Compressor/Limiter Tutorial...

I have to admit, though I use compressors and limiters in mixing, I really just know enough to get them to make something sound like I want. I really don't have enough of an idea of WHY it's doing what it's doing.

What I dream about, is a real world tutorial...not a tech manual.

Something that would say...

"OK, let's bring up the SONY OXFORD Compressor here in Pro Tools. Now what we have, is a gal singer who starts this song very softly, and then wails about midway through. In addition, there a bunch of "S" words in this piece, so that makes it even rougher. Here's what we want to do...." etc.

And the same for bass, guitars, brass sections, whatever.

I think if someone wrote some guides like this, for those of us who better composer/producers than engineers, it would help a lot of people.

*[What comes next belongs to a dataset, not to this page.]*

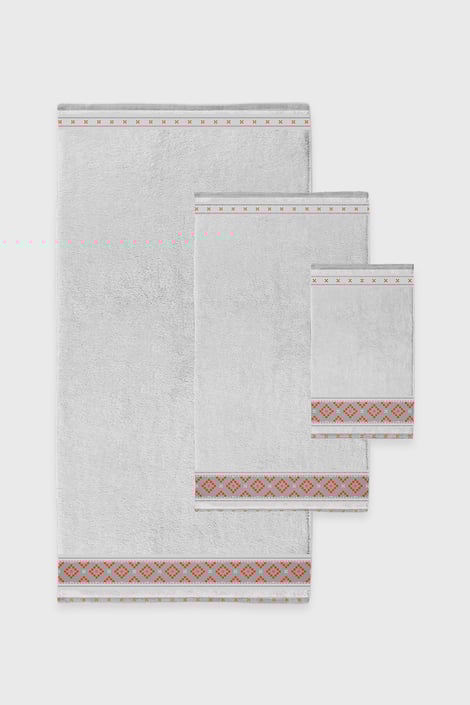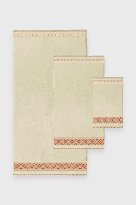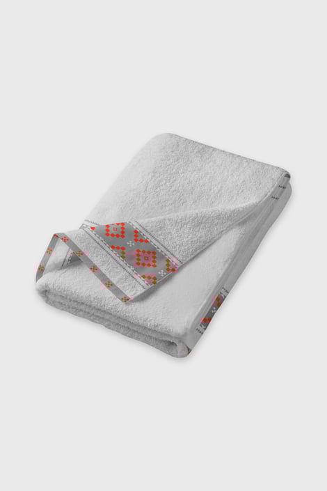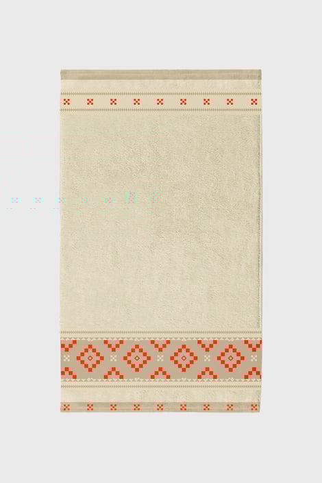 Prosop Folklore fabricat din bumbac 100% absorbant. Cu margine cu model decorativ.

Has anyone seen any practical tutorials on EQs, comps, etc, out there?

Thanks
TH
Old 4th August 2005
  #2
Gear Nut
 
wackowill's Avatar
 

Purchase "Mixing with your Mind" by Mike Stavrou. He includes a good technique for understanding what each knob on your compressor does to the sound. Check out the website HERE . Oh, and that price is AUSTRALIAN dollars!

CHeers, Will.
Old 4th August 2005
  #3
Lives for gear
 
swankdoc's Avatar
 

A good 'tutorial' idea that I've done a few times...mostly out of necessity.
Ever done a great track, but forgot your settings?
Well, I had this vocal track that was fabulous. I remember at the time thinking, oh man, perfect. So perfect in fact, I'll never forget these settings. Dumb ass. Of course, forgot the settings of the preamp and the comp. Rembered the chain (mic>pre>comp) but forgot where they were set.
So I spent at least an hour, comparing settings, listening and comparing visual wave forms.

THat is a great tutorial.

So record a track. Maybe have someone else do the settings, voice / snare whatever. Then scramble up the settings, and your job is to find out what they were. Its a great ear trainig exercise, and it'll really help you to understand how changing the parameters effect what your hearing. It'll also remind you to write everything down.

Do this exercise just a few times with different instruments and different pres and comps, and you'll be somewhat further ahead than you is now.